The pilot in Chap. 30 demonstrated the potential of using physical and biological parameters like catch area, season, moon phase and fish species to forecast catch volumes. This helps to reduce fuel consumption, stock management and to a certain extent to estimate patterns in fish prices. The decision support system has been installed on several pelagic vessels.

End users have been actively participating and giving feedback during the whole project period. Seven fishing companies have been involved in the project to test the framework and give feedback to ensure the most useful implementation including installation on the vessels.

On the other hand, the fishing industry is still in the beginning of the digital transformation and needs to overcome several obstacles before a wider scale adoption of digital technologies can take place.

5 Perspectives

Earth observation data is central in the applications described in this book. The freely available Sentinel satellite images offered by the European Space Agency ESA through the Copernicus Programme are used by most pilots in DataBio with good success. However, it was noted that cloudy conditions in satellite images can disturb the image analysis used for decision support, like determining the harvesting time for a crop. Therefore, it is important to have secondary sources of information as well as strong models and filtering algorithms to compensate for the disturbances.

Machine learning and data-driven artificial intelligence models are largely used for prediction and image recognition, as described earlier in this book. Advances in algorithms, like artificial neural networks and deep learning, have radically raised the accuracy of these methods. However, these data-driven methods require that extensive volumes of labelled training data are available. For example, data from several years might be needed in reliable crop detection. Some labelled data, like farmer´s declarations and manual field observations, are costly and time consuming to obtain. As more labelled data gathers—for example, from data sharing practices, modelling and simulations—the methods used in precision agriculture and prediction of yield and fishing catches become increasingly accurate enabling better economy and sustainability. Furthermore, current artificial neural networks need in some applications to be complemented with more transparent understandable methods to create trust in the machine created recommendations. Long-range forecasts like prediction of grain and fish market prices remain challenging. However, the forecasts are continuously improving and might be useful to stakeholders even if they contain uncertainties.

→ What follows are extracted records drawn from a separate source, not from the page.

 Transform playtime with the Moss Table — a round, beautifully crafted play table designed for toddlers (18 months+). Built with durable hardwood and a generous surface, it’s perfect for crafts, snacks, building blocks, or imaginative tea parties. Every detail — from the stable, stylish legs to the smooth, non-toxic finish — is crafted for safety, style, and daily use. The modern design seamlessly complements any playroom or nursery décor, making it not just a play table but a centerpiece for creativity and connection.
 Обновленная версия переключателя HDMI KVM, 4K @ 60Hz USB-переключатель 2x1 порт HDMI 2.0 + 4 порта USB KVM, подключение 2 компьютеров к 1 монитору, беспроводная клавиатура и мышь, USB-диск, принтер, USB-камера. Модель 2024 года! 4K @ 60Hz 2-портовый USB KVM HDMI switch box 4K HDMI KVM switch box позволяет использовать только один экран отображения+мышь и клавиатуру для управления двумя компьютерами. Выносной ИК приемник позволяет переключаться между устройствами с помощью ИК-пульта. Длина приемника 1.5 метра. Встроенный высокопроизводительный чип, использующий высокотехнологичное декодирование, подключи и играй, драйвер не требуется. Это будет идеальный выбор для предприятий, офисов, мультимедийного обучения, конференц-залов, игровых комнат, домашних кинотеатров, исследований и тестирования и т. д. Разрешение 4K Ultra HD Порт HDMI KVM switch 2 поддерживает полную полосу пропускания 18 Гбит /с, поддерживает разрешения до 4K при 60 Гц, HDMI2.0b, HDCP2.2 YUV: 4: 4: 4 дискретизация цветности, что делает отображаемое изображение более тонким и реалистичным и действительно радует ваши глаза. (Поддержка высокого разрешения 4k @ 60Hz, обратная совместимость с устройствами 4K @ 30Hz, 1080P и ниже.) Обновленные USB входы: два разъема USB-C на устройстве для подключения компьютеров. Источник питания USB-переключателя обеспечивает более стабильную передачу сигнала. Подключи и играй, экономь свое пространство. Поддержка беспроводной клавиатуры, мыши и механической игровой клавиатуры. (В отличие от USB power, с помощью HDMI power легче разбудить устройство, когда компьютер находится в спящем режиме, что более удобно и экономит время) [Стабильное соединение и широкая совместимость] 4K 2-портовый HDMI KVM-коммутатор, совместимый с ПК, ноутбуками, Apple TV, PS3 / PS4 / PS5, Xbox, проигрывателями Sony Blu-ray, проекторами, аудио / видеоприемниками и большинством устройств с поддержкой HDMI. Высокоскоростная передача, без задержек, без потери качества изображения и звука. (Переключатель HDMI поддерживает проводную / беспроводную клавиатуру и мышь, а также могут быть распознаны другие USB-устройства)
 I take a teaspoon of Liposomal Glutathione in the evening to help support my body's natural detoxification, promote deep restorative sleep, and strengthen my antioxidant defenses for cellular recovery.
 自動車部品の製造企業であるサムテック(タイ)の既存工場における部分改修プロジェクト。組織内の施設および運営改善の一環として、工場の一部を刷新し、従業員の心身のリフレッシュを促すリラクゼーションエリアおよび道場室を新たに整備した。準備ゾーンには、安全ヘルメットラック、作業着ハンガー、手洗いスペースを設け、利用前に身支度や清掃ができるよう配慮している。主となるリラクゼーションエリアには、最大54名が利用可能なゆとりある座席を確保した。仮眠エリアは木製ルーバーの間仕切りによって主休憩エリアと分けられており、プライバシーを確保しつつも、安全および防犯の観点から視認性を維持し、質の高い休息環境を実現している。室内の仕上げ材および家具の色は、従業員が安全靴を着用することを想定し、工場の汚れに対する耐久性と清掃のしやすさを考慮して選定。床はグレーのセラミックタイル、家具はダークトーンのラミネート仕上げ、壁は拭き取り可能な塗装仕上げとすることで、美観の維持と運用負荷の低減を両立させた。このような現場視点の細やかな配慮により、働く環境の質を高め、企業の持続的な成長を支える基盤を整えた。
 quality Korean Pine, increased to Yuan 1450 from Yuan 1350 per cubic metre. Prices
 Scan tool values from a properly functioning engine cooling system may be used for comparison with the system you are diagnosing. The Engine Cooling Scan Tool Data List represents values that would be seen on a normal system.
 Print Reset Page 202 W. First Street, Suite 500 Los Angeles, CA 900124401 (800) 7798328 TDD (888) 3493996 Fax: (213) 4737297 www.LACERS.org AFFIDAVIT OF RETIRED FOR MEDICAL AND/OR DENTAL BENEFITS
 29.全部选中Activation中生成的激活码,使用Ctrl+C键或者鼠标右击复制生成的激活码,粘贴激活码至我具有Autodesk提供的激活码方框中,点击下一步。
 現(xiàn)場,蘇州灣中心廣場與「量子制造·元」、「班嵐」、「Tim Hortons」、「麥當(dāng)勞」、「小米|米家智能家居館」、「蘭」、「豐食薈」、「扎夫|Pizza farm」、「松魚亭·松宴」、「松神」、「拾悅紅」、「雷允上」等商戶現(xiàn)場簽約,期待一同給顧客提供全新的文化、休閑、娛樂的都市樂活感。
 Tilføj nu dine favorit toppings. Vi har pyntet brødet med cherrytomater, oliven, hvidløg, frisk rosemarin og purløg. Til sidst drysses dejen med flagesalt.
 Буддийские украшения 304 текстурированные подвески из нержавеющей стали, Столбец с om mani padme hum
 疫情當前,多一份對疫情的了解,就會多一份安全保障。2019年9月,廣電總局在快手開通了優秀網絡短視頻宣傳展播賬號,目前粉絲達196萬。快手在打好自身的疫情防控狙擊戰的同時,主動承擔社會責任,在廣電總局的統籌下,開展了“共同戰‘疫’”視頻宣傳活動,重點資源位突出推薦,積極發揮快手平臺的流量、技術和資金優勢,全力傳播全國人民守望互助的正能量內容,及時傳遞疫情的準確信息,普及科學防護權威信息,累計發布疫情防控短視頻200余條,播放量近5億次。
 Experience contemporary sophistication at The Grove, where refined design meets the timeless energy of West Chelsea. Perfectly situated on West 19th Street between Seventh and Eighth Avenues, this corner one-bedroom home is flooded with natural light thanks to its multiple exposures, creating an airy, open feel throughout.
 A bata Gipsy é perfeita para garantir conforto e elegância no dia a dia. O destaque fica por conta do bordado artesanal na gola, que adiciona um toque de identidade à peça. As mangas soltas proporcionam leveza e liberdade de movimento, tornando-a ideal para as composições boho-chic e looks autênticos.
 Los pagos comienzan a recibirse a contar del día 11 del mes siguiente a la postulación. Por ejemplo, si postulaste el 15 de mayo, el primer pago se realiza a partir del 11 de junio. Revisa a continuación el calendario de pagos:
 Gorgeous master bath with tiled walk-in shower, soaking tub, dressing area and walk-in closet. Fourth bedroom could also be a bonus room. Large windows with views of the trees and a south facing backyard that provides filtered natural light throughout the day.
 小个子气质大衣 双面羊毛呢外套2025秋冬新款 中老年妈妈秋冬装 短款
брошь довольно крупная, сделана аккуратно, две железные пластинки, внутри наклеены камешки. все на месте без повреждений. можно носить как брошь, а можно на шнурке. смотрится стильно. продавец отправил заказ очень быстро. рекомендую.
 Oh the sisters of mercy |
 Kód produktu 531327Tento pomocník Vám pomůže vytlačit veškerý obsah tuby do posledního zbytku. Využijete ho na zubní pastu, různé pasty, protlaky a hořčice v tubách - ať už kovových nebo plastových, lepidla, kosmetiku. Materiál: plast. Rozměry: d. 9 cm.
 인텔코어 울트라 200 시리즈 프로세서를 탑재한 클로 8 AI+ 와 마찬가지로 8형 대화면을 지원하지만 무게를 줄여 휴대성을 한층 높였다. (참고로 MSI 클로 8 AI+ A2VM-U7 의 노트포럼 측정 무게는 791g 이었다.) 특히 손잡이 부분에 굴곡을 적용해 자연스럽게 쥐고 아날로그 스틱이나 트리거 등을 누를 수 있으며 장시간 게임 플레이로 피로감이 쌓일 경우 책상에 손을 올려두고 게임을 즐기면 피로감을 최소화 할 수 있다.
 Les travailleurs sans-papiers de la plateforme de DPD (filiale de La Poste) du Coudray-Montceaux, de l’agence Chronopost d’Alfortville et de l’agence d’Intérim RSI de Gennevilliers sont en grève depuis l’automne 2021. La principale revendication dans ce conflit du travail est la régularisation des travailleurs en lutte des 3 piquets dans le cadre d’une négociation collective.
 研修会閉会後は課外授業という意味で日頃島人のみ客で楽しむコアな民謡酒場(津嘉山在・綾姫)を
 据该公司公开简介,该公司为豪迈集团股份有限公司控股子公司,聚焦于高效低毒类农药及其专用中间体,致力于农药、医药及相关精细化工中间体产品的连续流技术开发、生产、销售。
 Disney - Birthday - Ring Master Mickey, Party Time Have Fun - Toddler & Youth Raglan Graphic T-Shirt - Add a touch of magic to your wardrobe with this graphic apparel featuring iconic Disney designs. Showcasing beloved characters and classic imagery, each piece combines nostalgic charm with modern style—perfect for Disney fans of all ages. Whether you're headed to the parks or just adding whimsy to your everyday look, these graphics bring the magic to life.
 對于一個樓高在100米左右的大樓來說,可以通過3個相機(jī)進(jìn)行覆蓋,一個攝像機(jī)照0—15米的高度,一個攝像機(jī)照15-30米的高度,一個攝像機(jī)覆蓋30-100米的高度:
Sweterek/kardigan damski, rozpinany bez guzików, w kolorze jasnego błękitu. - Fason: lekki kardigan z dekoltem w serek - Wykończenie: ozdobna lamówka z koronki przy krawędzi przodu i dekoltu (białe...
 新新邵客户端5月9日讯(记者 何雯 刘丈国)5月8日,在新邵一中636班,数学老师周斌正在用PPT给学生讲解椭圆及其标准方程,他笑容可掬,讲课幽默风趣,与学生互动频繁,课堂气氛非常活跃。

One of the main hurdles in data-driven bioeconomy is the lack of standardized data exchange and sharing. For instance, sensors on-board fishing vessels typically demand proprietary interfaces to be built to get access to its readings. Therefore, currently, a lot of resources are needed to collect data from a large fleet of vessels. The European initiatives to create common data spaces and data infrastructures for vertical sectors, like agrifood, are highly needed. It is important to develop them also for other bioeconomy sectors like forestry and fishery.

Crowdsourcing, involving land and forest owners, as well as citizens in general, provides valuable complementing information about natural resources. However, we found that it requires a great deal of motivating actions to get, e.g. forest owners and others visiting and moving around in the forests, to participate.

Big data and artificial intelligence have to be applied to a much larger extent than currently for a more sustainable bioeconomy. The DataBio results can here offer a stepping stone for future developments, where the DataBio pipelines and solutions are scaled up to serve diverse business models and societal needs.